Anche Le Figaro si è occupato della sentenza della Corte Europea dei diritti dell’uomo che ha condannato l’Italia per il sequestro disposto dalla Commissione parlamentare Antimafia il primo marzo del 2017 al Grande Oriente d’Italia.
Vennero sequestrati 39 faldoni di schede relative agli iscritti al Grande Oriente d’Italia dal 1990 nelle logge di Calabria e Sicilia. La Commissione Antimafia presieduta da Rosy Bindi ordinò alla Guardia di Finanza di perquisire e sequestrare gli elenchi nella sede del Vascello dopo che la più numerosa e storica comunione massonica si era rifiutata di consegnare gli elenchi perché avrebbe costituito una massiccia violazione della normativa in materia di protezione dei dati personali degli iscritti. La perquisizione durò 14 ore; gli impiegati identificati e perquisito anche il capanno degli attrezzi per il giardino della sede. Nel ricorso alla Corte di Strasburgo era stato fatto presente la natura intimidatoria della perquisizione.

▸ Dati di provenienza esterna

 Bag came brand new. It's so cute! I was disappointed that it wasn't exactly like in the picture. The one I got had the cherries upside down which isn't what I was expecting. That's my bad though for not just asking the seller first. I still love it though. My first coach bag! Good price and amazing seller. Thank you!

Severa sentenza della Cedu per i provvedimenti disposti nel 2017 dalla Commissione presieduta da Rosy Bindi
Nelle 40 pagine della sentenza la Corte di Strasburgo accerta che la perquisizione ed il sequestro costituivano una violazione dell’articolo 8 della Convenzione europea dei diritti dell’uomo che protegge il domicilio e la riservatezza. Aggiunge che il provvedimento era sproporzionato in quanto non vi era alcuna evidenza che l’acquisizione di tanti dati cartacei e digitali fossero rilevanti ai fini dell’inchiesta della Commissione.

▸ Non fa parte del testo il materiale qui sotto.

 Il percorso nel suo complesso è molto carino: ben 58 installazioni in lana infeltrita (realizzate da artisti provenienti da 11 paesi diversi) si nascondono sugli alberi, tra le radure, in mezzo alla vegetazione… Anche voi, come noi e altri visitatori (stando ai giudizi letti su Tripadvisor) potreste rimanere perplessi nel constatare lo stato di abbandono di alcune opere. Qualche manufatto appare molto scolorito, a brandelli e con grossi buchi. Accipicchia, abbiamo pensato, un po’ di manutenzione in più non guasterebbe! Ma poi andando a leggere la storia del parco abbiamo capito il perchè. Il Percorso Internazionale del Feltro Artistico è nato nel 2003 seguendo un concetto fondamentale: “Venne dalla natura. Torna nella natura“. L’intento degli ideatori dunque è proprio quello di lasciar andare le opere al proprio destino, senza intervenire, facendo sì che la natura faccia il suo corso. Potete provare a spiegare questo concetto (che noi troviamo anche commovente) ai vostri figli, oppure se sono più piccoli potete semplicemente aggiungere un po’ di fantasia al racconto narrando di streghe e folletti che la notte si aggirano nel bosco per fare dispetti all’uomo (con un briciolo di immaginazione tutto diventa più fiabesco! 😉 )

L’ordine di perquisizione e sequestro non era stato soggetto ad alcuna preventiva verifica giudiziale e la motivazione del provvedimento era generica non sussistendo “elementi che avrebbero potuto suffragare un ragionevole sospetto di coinvolgimento dell’associazione nei fatti oggetto di indagine”. Insomma, si può dire che c’è un giudice a Strasburgo.